Setelah itu, aku memberikan semua yang berhubungan dengan bass kepada anggota band, dan meninggalkan musik.

Setelah itu, hidupku datar, membosankan, dan direduksi menjadi rutinitas.

Aku pergi ke sekolah setiap hari dan berkeliaran di sekitar sini sepulang sekolah.

Memanjakan diri dalam kesenangan menyakiti diri sendiri, aku menggunakan semua biaya hidupku untuk membeli tindikan. Rasa sakit itu hampir membuatku menangis ketika aku menindik telinga. Dan rasa sakit itu berlangsung sampai lukanya sembuh. Aku telah menyakiti diriku sepanjang waktu hanya untuk menghilangkan kebosananku. Ketika aku merasakan sakit, aku bisa merasakan setiap detail kehidupan sehari-hariku lebih terasa dari biasanya.

Aku bekerja sangat keras untuk menjalani kehidupan yang mencela diri sendiri, dan lulus ujian. Meskipun begitu, jika aku pergi ke sekolah dengan nilai penyimpangan yang rendah, itu akan mempengaruhi wajah kerabatku. Aku tidak ingin membuat mereka kesulitan.

Jadi aku menjadi manajer klub sepak bola di SMA hanya untuk mengisi waktu.

Itu benar... itu hanya kamuflase.

Hatiku kosong... tapi meski begitu, aku masih harus hidup seperti manusia.

Aku hidup seperti "peniru".

Aku berpikir bahwa jika aku terus seperti ini, aku bisa melanjutkan hidup penipuan dan kebohongan.

Tapi... mereka terus mengetuk pintu hatiku. Bahkan jika aku mengatakan di sini "kosong". Mereka masih menggelengkan kepalanya, dan bersikeras mengatakan, "Ketulusanmu tersembunyi di sini."

Aku sangat takut.

Jika aku benar-benar menyembunyikan ketulusan, itu akan merepotkan. Pikiran untuk menghadapi musik yang telah aku hindari membuatku ketakutan.

Mata Ando, ​​mata yang mendambakan musikku dari lubuk hatinya, membuatku ketakutan.

Apakah aku benar-benar meninggalkan beban berat di hatinya? Saat itu, aku tidak terlalu memikirkannya, hanya bermain bass sebagai bagian dari hidupku.
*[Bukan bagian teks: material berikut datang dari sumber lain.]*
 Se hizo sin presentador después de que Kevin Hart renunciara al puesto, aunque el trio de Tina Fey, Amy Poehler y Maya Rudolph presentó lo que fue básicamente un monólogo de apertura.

Sungguh, hanya bermain bass.

Aku hanya secara naif percaya pada musik Ichihara Yuugo, memainkan bass seolah mencoba mengejar punggungnya. Pada akhirnya, suara kerinduanku yang tak tertandingi berubah menjadi keputusasaan dan membuatku kewalahan.
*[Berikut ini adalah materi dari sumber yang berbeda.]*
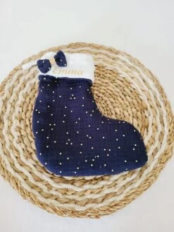Botte De Noël Personnalisée, Chaussette De Noël Personnalisable En Double Gaze à Pois Dorés
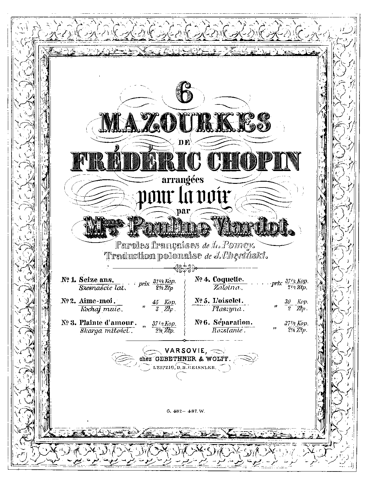 Publisher. Info. 6 Mazourkes de Frédéric Chopin arrangées pour la voix, No.5

Apa pun yang kamu nantikan... atau apa pun yang kamu impikan, selama kamu dikhianati olehnya, itu akan berubah menjadi keputusasaan. Ini adalah sesuatu yang aku alami secara pribadi.

Jadi, aku sudah... tidak lagi ingin dipercaya oleh siapa pun.

Dan kemudian... pada saat yang sama, aku tidak ingin mempercayai siapapun lagi.

Saat aku mendengar Asada memainkan drum di garasi... Aku merasa sedikit lebih baik. Suaranya begitu pekerja keras, jujur... dan bahagia. Meskipun keterampilannya benar-benar tidak bisa dibandingkan dengan Etsuko-san, tetapi untuk beberapa alasan, aku masih mendengar sedikit kesamaan.

Ketertarikanku datang sedikit, jadi aku memasang ekspresi acuh tak acuh, dan ingin mendengarkan suara dari jarak yang lebih dekat.

Kemudian, sedikit demi sedikit, dia mengeluarkan semua kata-kataku.

Tindakanku benar-benar kacau.

Bersihkan hatimu, tutup mata terhadap arti sebenarnya dari itu. Bahkan aku tidak tahu apa yang ingin aku lakukan.

Seolah menolak, aku mendekati musik itu sedikit demi sedikit dengan gemetar.

Festival budaya akan segera datang.

Di panggung Festival Malam, setelah melihat penampilan mereka... apa yang akan kupikirkan?